Start of Data

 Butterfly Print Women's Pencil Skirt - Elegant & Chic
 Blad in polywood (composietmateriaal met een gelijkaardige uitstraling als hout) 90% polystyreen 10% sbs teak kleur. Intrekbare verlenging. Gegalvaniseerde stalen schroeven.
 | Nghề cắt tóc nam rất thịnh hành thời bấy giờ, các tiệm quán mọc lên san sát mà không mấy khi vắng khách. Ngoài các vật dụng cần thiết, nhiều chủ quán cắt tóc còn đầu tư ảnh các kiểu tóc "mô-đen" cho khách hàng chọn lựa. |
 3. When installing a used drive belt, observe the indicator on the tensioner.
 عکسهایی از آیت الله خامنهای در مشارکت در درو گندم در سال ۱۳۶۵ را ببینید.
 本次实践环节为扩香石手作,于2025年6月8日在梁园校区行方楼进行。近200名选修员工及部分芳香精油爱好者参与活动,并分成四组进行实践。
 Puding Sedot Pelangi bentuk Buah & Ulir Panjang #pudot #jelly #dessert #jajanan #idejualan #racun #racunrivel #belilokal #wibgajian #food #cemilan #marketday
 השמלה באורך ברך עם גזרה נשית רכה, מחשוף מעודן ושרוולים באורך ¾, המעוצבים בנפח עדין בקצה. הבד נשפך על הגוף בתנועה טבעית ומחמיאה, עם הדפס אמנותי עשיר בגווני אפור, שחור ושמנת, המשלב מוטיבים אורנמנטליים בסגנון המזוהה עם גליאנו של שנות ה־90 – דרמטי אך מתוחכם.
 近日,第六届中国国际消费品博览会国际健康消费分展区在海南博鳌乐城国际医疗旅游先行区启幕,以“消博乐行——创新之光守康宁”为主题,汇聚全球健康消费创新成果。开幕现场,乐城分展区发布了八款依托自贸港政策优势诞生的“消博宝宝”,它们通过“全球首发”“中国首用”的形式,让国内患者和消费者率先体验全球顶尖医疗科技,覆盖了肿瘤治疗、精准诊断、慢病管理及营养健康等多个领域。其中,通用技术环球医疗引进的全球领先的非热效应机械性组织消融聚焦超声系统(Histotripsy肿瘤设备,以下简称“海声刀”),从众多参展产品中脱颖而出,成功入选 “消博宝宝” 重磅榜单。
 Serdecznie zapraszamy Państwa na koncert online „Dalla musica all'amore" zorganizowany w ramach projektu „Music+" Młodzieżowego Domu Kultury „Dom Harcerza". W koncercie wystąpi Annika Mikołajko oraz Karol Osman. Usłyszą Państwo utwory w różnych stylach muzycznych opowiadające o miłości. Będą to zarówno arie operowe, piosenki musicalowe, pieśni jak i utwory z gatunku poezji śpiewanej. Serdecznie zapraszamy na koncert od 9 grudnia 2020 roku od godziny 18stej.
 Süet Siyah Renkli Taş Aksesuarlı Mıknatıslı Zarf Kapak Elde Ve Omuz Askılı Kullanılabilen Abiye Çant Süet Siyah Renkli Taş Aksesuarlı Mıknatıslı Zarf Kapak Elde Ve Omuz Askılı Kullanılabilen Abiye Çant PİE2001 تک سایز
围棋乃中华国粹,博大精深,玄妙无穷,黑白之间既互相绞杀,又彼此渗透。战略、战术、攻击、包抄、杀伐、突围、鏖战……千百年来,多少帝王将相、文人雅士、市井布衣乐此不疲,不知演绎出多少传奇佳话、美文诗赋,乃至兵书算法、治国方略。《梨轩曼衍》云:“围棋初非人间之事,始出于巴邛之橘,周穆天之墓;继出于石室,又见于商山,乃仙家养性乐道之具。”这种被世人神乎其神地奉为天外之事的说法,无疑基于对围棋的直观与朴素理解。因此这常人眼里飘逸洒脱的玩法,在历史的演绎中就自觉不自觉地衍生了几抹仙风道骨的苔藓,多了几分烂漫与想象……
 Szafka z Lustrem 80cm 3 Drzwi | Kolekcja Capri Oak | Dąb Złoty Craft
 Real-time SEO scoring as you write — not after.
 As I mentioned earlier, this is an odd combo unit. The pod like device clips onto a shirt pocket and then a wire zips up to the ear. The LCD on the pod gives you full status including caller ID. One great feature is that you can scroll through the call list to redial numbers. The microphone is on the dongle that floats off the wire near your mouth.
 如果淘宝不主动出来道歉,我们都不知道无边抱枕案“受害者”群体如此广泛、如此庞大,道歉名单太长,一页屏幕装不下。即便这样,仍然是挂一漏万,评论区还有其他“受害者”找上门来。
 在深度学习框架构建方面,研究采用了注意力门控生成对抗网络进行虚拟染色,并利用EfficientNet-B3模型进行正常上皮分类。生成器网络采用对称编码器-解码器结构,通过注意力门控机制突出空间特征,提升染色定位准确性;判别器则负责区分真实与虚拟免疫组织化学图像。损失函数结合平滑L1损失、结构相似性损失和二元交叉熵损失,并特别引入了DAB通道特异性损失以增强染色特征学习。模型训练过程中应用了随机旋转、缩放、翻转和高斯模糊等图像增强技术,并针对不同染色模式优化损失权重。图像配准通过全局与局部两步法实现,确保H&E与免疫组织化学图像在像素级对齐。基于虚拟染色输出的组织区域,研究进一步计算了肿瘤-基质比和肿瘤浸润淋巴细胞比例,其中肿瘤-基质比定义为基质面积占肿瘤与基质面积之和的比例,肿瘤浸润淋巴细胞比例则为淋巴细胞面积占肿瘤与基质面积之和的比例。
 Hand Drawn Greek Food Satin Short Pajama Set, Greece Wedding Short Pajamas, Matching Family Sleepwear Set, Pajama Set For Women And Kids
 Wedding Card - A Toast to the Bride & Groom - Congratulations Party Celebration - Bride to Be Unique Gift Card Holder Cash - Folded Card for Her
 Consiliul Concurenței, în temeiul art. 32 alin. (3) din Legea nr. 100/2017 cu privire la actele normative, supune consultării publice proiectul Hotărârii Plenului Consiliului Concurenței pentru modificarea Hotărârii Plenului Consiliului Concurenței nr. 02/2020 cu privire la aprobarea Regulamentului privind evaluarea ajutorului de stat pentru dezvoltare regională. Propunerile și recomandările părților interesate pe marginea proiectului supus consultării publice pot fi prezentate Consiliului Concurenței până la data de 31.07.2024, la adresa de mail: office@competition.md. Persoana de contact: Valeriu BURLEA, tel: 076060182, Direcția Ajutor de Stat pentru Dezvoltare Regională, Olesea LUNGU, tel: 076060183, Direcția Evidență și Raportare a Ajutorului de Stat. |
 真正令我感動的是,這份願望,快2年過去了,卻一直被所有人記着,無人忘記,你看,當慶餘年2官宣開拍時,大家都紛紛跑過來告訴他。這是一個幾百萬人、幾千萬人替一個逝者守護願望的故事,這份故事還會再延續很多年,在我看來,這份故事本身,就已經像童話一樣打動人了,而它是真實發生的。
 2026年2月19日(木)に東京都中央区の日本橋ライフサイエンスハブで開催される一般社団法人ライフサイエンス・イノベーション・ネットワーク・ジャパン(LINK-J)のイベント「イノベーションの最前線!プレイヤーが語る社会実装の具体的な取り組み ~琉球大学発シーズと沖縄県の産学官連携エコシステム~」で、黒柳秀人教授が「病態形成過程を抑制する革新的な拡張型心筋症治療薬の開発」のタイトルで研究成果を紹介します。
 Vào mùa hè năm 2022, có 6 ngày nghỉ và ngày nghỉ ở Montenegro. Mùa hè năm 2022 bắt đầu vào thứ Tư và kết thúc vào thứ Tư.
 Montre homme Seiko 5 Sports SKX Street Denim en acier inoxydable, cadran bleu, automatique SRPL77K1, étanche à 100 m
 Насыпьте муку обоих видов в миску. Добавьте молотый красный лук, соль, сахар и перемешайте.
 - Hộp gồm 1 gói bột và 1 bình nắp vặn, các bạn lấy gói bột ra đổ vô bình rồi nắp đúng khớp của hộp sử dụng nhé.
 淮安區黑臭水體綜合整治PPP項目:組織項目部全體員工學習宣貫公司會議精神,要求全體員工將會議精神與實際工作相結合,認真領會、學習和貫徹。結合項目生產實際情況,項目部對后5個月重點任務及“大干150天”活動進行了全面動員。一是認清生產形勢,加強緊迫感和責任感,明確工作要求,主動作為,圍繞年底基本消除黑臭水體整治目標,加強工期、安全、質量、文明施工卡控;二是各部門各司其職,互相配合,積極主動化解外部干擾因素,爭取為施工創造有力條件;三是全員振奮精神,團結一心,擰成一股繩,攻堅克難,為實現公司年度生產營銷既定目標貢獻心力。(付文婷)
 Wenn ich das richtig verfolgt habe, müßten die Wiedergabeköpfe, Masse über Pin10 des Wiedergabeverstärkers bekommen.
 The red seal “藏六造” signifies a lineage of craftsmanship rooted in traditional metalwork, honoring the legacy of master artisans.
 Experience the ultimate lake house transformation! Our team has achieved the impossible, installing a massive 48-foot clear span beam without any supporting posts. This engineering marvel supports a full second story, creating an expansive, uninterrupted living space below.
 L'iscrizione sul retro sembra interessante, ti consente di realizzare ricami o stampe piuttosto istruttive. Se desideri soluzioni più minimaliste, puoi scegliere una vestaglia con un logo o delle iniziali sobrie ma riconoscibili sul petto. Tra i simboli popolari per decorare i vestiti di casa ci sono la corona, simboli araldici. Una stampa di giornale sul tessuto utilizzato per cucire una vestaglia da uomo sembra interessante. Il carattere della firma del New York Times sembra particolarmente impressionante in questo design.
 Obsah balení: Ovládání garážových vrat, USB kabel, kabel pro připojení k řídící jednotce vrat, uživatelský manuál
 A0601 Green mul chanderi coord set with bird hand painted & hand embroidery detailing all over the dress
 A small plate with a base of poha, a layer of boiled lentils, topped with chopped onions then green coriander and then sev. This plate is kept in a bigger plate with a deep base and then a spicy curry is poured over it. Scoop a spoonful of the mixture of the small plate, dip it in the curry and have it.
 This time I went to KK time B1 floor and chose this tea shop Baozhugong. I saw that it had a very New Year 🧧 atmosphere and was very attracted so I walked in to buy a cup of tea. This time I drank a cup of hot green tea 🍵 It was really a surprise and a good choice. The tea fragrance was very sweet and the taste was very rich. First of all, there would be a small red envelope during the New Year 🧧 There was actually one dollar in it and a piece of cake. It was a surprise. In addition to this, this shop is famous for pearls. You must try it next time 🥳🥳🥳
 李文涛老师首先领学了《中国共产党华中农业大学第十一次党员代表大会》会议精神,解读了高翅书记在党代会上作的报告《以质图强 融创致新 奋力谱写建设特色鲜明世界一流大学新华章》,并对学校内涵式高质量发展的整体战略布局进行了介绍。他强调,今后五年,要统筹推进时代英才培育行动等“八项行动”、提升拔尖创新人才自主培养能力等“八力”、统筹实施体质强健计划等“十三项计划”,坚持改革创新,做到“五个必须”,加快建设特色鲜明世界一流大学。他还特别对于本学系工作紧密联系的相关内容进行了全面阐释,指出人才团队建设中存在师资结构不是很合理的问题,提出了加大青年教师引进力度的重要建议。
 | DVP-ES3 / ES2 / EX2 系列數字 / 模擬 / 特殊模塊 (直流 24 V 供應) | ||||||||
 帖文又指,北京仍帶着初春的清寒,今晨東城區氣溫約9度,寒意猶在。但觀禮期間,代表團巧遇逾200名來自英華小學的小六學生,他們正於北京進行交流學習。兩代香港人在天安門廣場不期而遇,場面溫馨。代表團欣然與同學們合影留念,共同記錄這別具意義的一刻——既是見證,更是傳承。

End of Data

Only one stretch of the data above is needed. Restate it word for word, from the line containing "Real-time SEO scoring" through the line containing "如果淘宝不主动出来道歉,我们", both ends included.

 Real-time SEO scoring as you write — not after.
 As I mentioned earlier, this is an odd combo unit. The pod like device clips onto a shirt pocket and then a wire zips up to the ear. The LCD on the pod gives you full status including caller ID. One great feature is that you can scroll through the call list to redial numbers. The microphone is on the dongle that floats off the wire near your mouth.
 如果淘宝不主动出来道歉,我们都不知道无边抱枕案“受害者”群体如此广泛、如此庞大,道歉名单太长,一页屏幕装不下。即便这样,仍然是挂一漏万,评论区还有其他“受害者”找上门来。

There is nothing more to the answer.